Normalization strategies are outlined by https://www.unicode.org/reports/tr15/ which are all implemented by https://docs.rs/unicode-normalization/0.1.17/unicode_normalization/trait.UnicodeNormalization.html.

I propose that both levels of strategy be represented by

Interfaces for input into our library (e.g., Segmentor = Fn(str) -> Iterator<Item=str> and Normalizer = Fn(str) -> Iterator<Item=char>)
Reexport these default implementations from these libraries, probably as a default feature so those (probably large) Unicode libraries are easy to use by default but you can disable it if bloat is your concern.

logannc commented 3 years ago

Implementing both of these means that the core logic functions for computing similarity won't need to care which type they're dealing with. Give them a Vec<T> where T: Eq and it's good to go. Contrast this with the hoops #23 jumps through because the index doesn't point to the whole item. With the right segmentation, you'd just have &str slices which naturally encompassed their length.

logannc commented 3 years ago

Played around with these ideas.

in hindsight, it should just produce Vec because we need slices anyway so the iterator isnt enough but it might be able to be Vec<&str> which will ultimately be pretty good for graphemes.
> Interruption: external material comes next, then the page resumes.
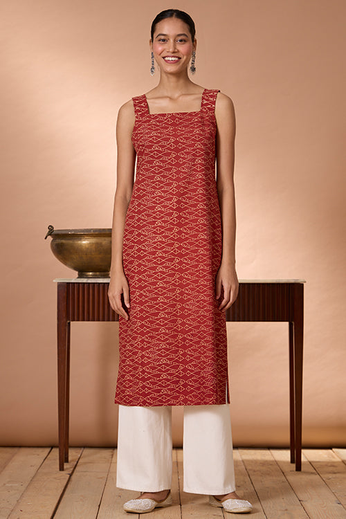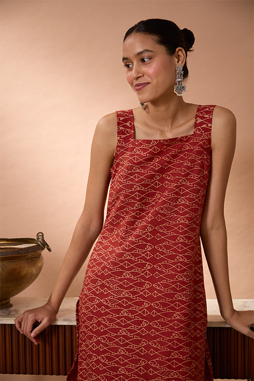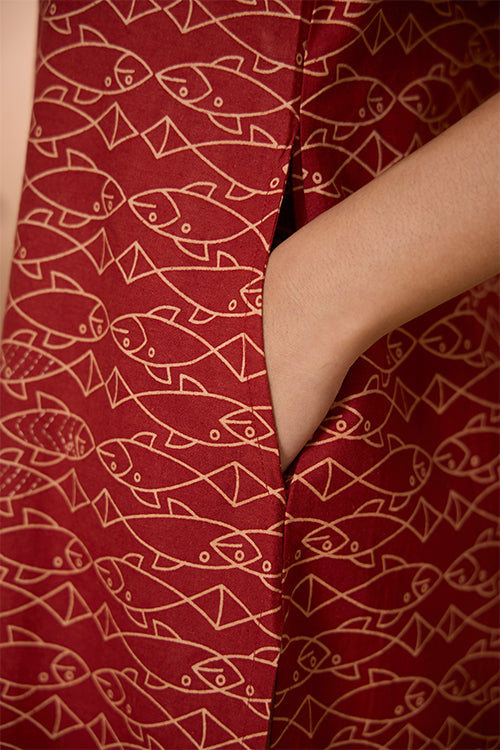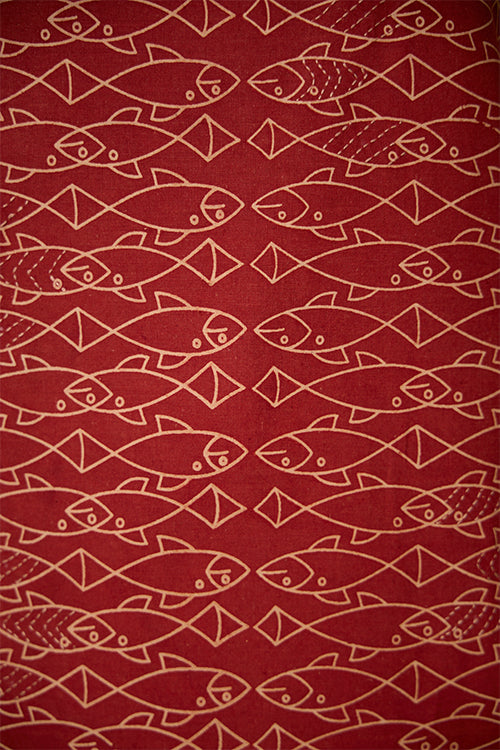 Get closer to the elements of nature as you put on our “Pisces Love” Kurta, with numerous hand-block printed fishes swimming across the vibrant red canvas! Crafted from pure cotton with love, the dress gives you the utmost comfort and that too fashionably. Our artisans have patiently embroidered on the straps and running stitches enrich the simplicity on the front part. Go about your day carefree as you store your utilities in the 2 pockets provided on the sides. A kurta for college, office wear, or for an evening outing- our hassle-free “Pisces Love” is sure to lift your mood every time you put it on!

I also re-implemented some of the building blocks (i.e., get_matching_blocks and find_longest_match) using slices, which works.

It's hard to offhand find good examples of the differences between code point and grapheme segmentation, but I found a few that give different results (unsure how sound those results are).

Haven't done the normalizer, but that part is easier. The normalizer will need to run before segmentation (if you segment into bytes, you can't normalize!).

Some of the trait implementations. In practice, they'll be less gnarly when moved from Iterators -> Vec.

pub trait Segmenter<'a> {
    type IterOut: Iterator<Item = Self::Output>;
    type Output: 'a + Eq;
    fn segment(&self, s: &'a str) -> Self::IterOut;
}

pub struct ByteSegmenter;

impl<'a> Segmenter<'a> for ByteSegmenter {
    type IterOut = std::slice::Iter<'a, u8>;
    type Output = &'a u8;
    fn segment(&self, s: &'a str) -> Self::IterOut {
        s.as_bytes().iter()
    }
}

pub struct DotSegmenter;

impl<'a> Segmenter<'a> for DotSegmenter {
    type IterOut = std::str::Split<'a, &'static str>;
    type Output = &'a str;
    fn segment(&self, s: &'a str) -> Self::IterOut {
        s.split(".").into_iter()
    }
}

pub struct CodePointSegmenter;

impl<'a> Segmenter<'a> for CodePointSegmenter {
    type IterOut = std::str::Chars<'a>;
    type Output = char;
    fn segment(&self, s: &'a str) -> Self::IterOut {
        s.chars()
    }
}

#[cfg(feature = "segmentation")]
pub struct GraphemeSegmenter;

#[cfg(feature = "segmentation")]
use unicode_segmentation::{Graphemes, UnicodeSegmentation};

#[cfg(feature = "segmentation")]
impl<'a> Segmenter<'a> for GraphemeSegmenter {
    type IterOut = Graphemes<'a>;
    type Output = &'a str;
    fn segment(&self, s: &'a str) -> Self::IterOut {
        s.graphemes(true)
    }
}

logannc commented 3 years ago

Oh, here is a good example, comparing "किमपि" to "किमप" (delete 1 off the end of the first string) in order of Bytes (89), Codepoints (89), Graphemes (67).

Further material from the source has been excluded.